Triathlon South Africa
- Sport: Triathlon
- Jurisdiction: National
- Abbreviation: TSA
- Founded: 1984
- Affiliation: International Triathlon Union (ITU)
- Regional affiliation: African Triathlon Union
- Headquarters: 1st Floor, Loftus Versfeld, Kirkness Street, Pretoria, Tshwane, 0002
- President: Jan Sterk^{[failed verification]}
- Secretary: Sharon Oakley

Official website
- www.triathlonsa.co.za
- South Africa

= Triathlon South Africa =

Triathlon South Africa is the Sport governing body for the sport of triathlon in South Africa. It is responsible for the management of sports such as duathlon, aquathlon and triathlon within South Africa. It is affiliated to International Triathlon Union (ITU), and the African Triathlon Union.

==History==
Norrie Williamson together with Mike Hogg, Dave McCarney and Philip Kuhn competed in the UK for the ultra triathlon relay event (Enduroman), with Bruce Fordyce and Tim Noakes as their support team, winning the event, on the Champs-Élysées in Paris.

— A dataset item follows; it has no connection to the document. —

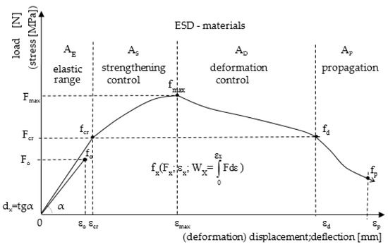 In the presented test results, emphasis was placed again on the need to compare the obtained effects fcr, fmax, fd with the parameters of a reference matrix (without reinforcement). The ESD composites should show greater ability to carry stress in the elastic range, strengthening control area, and a considerable range of deflections in the deflection control area. Assigning appropriate symbols to the tested composites enables the identification of their behaviour under load, and it is possible to describe them in detail on the basis of the characteristic points fx (Fx, load; εx, deflection; Wx, energy and areas AX, Figure 3).
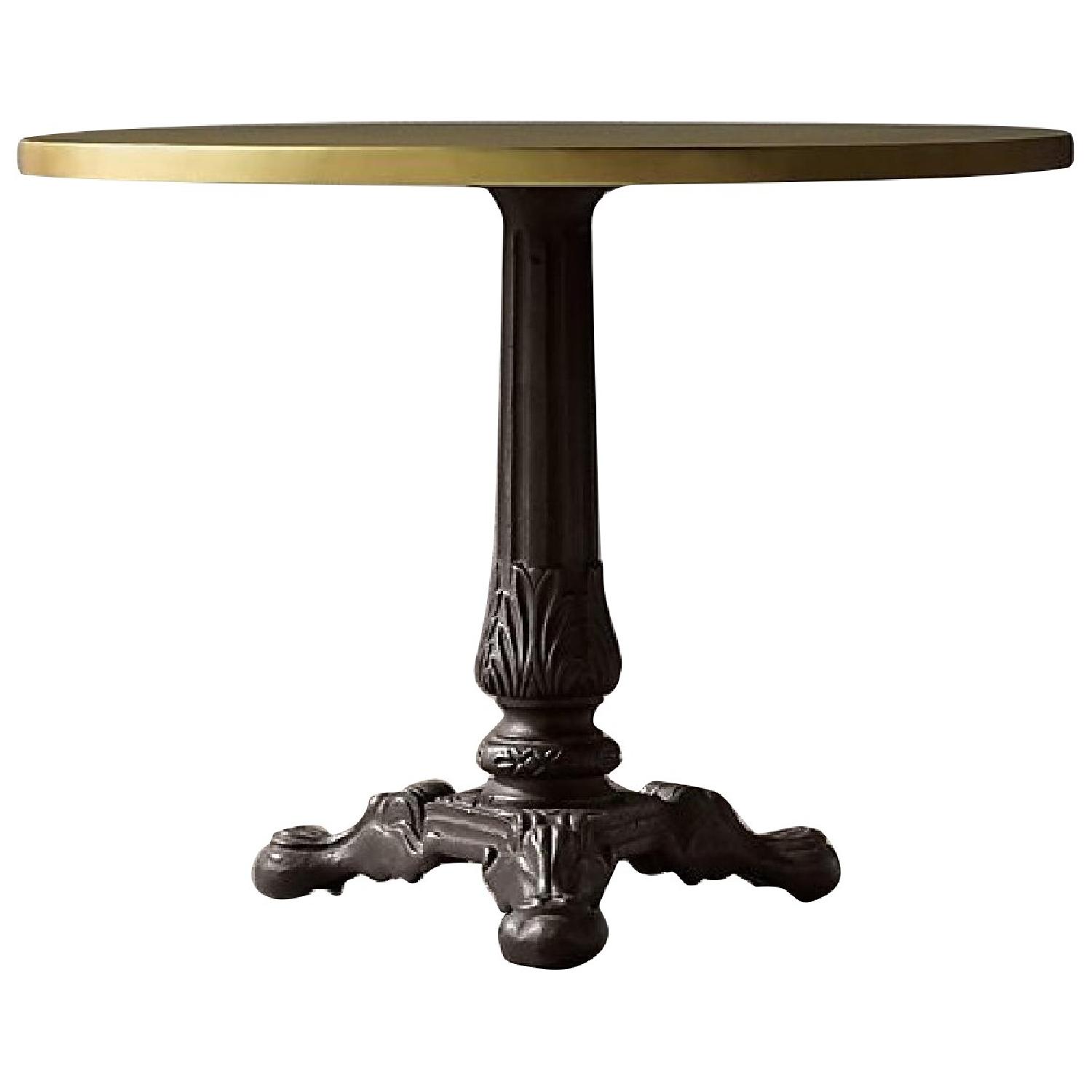 Seller's Notes:Restorations hardware brasserie table. Some minor scratches on the surface but not very noticeable. A timeless piece / we’ll made heavy duty.

The win received wide coverage in the local newspapers prompting the group to form the South African Triathlon Federation on their arrival.

The South African Triathlon Federation (what is now known as Triathlon South Africa) was founded with the support of Norrie Williamson in 1984, the name was changed to Triathlon South Africa in 1991.